Minister, ik heb twee vragen: een vraag van technische aard en een andere. De eerste betreft dat uitstel, van 31 januari tot 20 mei. Dat is pas op 23 april aan de gemeenten gecommuniceerd. Door die korte periode is differentiatie, gelet op de procedure die noodzakelijkerwijze moet worden gevolgd indien men een onderscheid wil maken in aanslagvoeten voor verschillende doelgroepen in een gemeente, eigenlijk zeer moeilijk. Er hoort immers ook een advies te worden gevraagd van de Vlaamse Belastingdienst, dat ook wel een tijdje op zich kan laten wachten, indien men die keuze maakt. De gemeenten hadden dus eigenlijk enkel de mogelijkheid om het globale tarief enigszins te verlagen, indien ze dat opportuun vonden. Minister, wat is de reden voor deze zeer korte deadline, van de beslissing van het decreet tot het moment dat ook de gemeenteraad zou moeten beslissen? Hoe is het overleg daarover met de lokale besturen gebeurd?
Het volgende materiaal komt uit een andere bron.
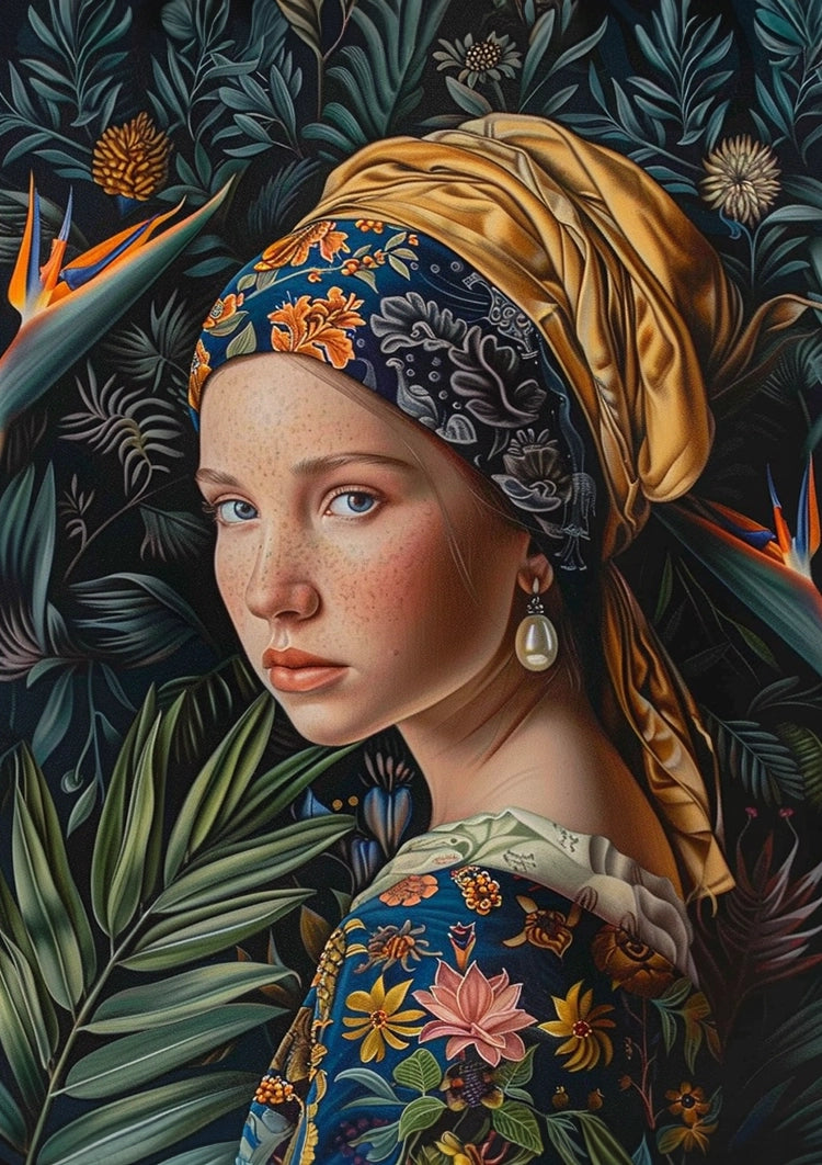 Dit schilderij toont een jonge vrouw met een lichte huid en rood haar, gekleed in een gebloemde jurk en een gele hoofddoek met een pareloorring tegen een donkere groene achtergrond.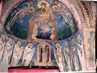 Keywords: Freska vo Sv. Georgij vo Kurbinovo 01.JPG mk Ф ески во Ц квата Св Ѓо ѓи во Ку бинскиот анасти во Ку биново П еспа en Frescos in St Geoge Church in Kurbinovo Prespa Macedonia de Freskos in Georgskirche in Kurbinovo Mazedonien ru Ку биново Це ковь св Гео гия Ку биново акедония http //sankire narod ru/Kurbinovo html Ку биново це ковь св Гео гия 1191г 2004-01-27 02 11 57 author PD-Macedonia PD-Art Paintings in St George's Church Kurbinovo |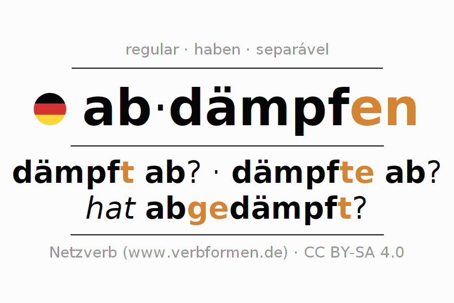 A conjugação do verbo abdämpfen (abafar, amortecer) é regular. As formas mais comuns são dämpft ab?, dämpfte ab? e hat abgedämpft?. O verbo auxilar para abdämpfen é "haben".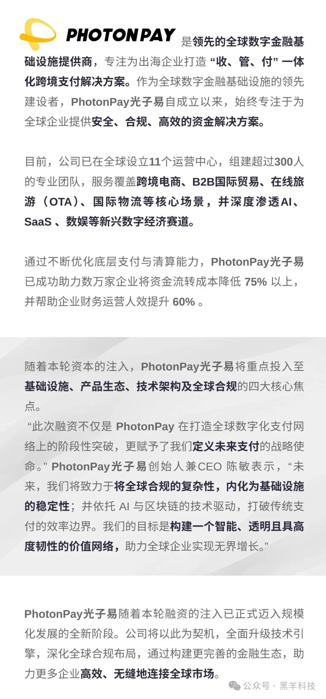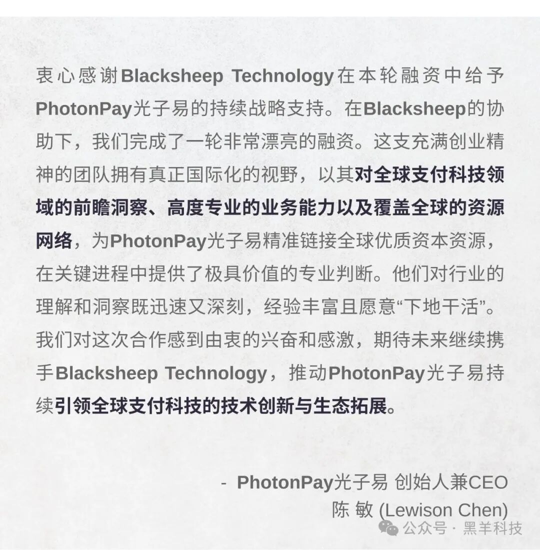 PhotonPay光子易完成B轮数千万美元融资, Blacksheep担任独家财务顾问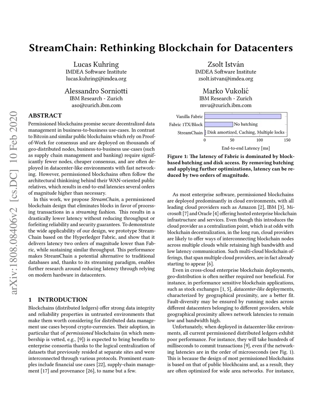Permissioned blockchains promise secure decentralized data management in business-to-business use-cases. In contrast to Bitcoin and similar public blockchains which rely on Proof-of-Work for consensus and are deployed on thousands of geo-distributed nodes, business-to-business use-cases (such as supply chain management and banking) require significantly fewer nodes, cheaper consensus, and are often deployed in datacenter-like environments with fast networking. However, permissioned blockchains often follow the architectural thinkining behind their WAN-oriented public relatives, which results in end-to-end latencies several orders of magnitude higher than necessary. In this work, we propose StreamChain, a permissioned blockchain design that eliminates blocks in favor of processing transactions in a streaming fashion. This results in a drastically lower latency without reducing throughput or forfeiting reliability and security guarantees. To demonstrate the wide applicability of our design, we prototype StreamChain based on the Hyperledger Fabric, and show that it delivers latency two orders of magnitude lower than Fabric, while sustaining similar throughput. This performance makes StreamChain a potential alternative to traditional databases and, thanks to its streaming paradigm, enables further research around reducing latency through relying on modern hardware in datacenters.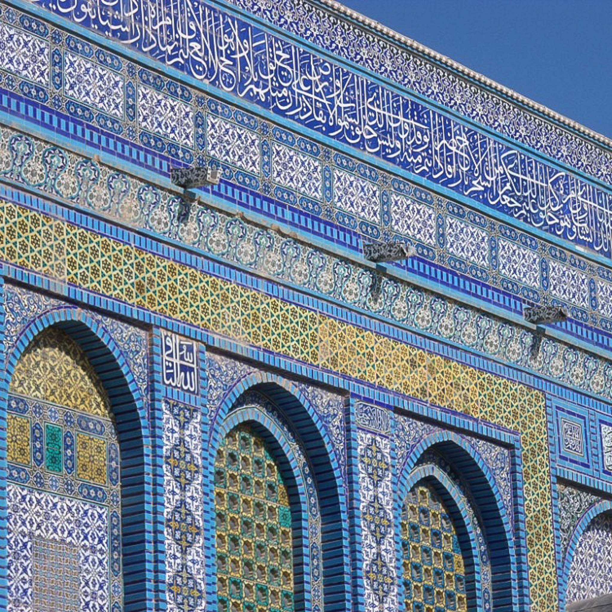 Close up image of the Dome of the Rock, focusing on the detailed Arabic Tiles which make up the fa�ade, Arabic words are on the top while geometric designs are featured on the lower levels.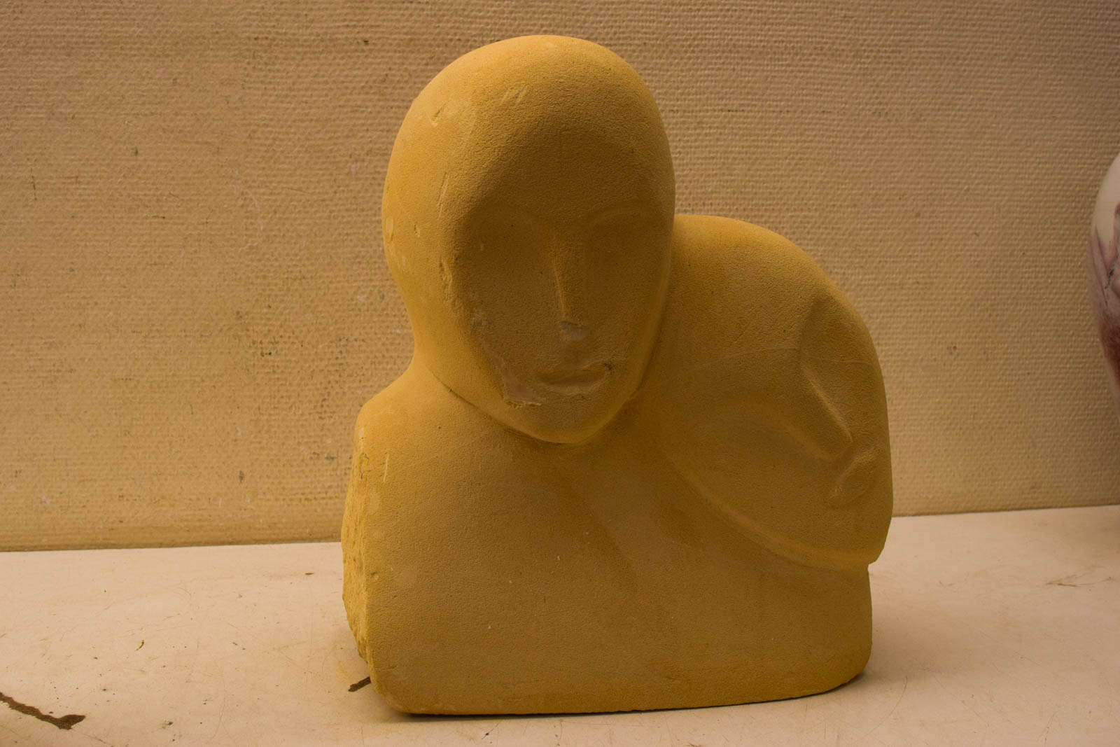 1 zijkant heeft beschadigingen en op de hoofd een snee de beeld laat af een soort poeder beeld is zwaar

Minister Diependaele heeft het woord.
Laat mij beginnen met een uitsmijter. Het decreet waar u naar verwijst, het decreet tot tijdelijke afwijking van de Vlaamse Codex Fiscaliteit als gevolg van de coronacrisis, is op 15 april 2020 unaniem door het Vlaams Parlement goedgekeurd. Er waren toen geen opmerkingen, die nu wel naar boven komen.
Dit parlementair initiatief biedt aan de lokale besturen de mogelijkheid om nieuwe, aangepaste opcentiemen te bepalen voor de onroerende voorheffing en daarmee een bijdrage te leveren aan het matigen van de gevolgen van de coronacrisis. Voor het aanslagjaar 2020 waren de opcentiemen immers al vastgelegd eind januari toen nog niet duidelijk was wat ons te wachten stond.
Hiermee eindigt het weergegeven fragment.